On Mon, 16 Apr 2001 12:36:03 +0200,
Poul-Henning Kamp <[EMAIL PROTECTED]> said:
Poul-Henning> In message <[EMAIL PROTECTED]>,
Seigo Tanim
Poul-Henning> ura writes:
>> Those pieces of work were done in the last weekend, and the patch at
>>
Seigo> http://people.FreeBSD.org/~tanimura/patches/vnrecycle.diff
>>
>> has been updated and now ready to commit.
Poul-Henning> I'm a bit worried about the amount of work done in the
Poul-Henning> cache_purgeleafdirs(), considering how often it is called,
Poul-Henning> Do you have measured the performance impact of this to be an
Poul-Henning> insignificant overhead ?
No precise results right now, mainly because I cannot find a benchmark
to measure the performance of name lookup going down to a deep
directory depth.
It has been confirmed, though, that the hit ratio of name lookup is
around 96-98% for a box serving cvsup both with and without my patch
(observed by systat(1)).
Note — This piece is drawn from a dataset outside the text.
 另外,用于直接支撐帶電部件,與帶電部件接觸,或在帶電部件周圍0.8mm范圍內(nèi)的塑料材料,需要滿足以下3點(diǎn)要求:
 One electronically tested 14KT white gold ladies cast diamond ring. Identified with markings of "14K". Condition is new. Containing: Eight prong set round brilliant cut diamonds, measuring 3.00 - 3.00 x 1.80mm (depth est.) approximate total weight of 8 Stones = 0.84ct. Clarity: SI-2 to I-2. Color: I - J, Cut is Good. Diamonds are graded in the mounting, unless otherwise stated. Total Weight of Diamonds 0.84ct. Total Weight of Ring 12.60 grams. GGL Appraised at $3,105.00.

Here are the details of the name lookup on
that box:
Frequency: Around 25,000-35,000 lookups/sec at most,
8,000-10,000 generally.
Name vs Directory: 98% or more of the lookups are for names, the
rest of them are for directories (up to 1.5%
of the whole lookup at most).
Hit ratio: 96-98% for names and up to 1% at most for
directories (both with and without my patch)
Considering that most of lookup operations are for names and its hit
ratio is not observed to degrade, and assuming that the time consumed
for lookup hit is always constant, the performance of lookup is not
found to be deteriorated.
For a more precise investigation, we have to measure the actial time
taken for a lookup operation, in which case I may have to write a
benchmark for it and test in single-user mode.
It is interesting that the hit ratio of directory lookup is up to only
1% at most, even without my patch. Why is it like that?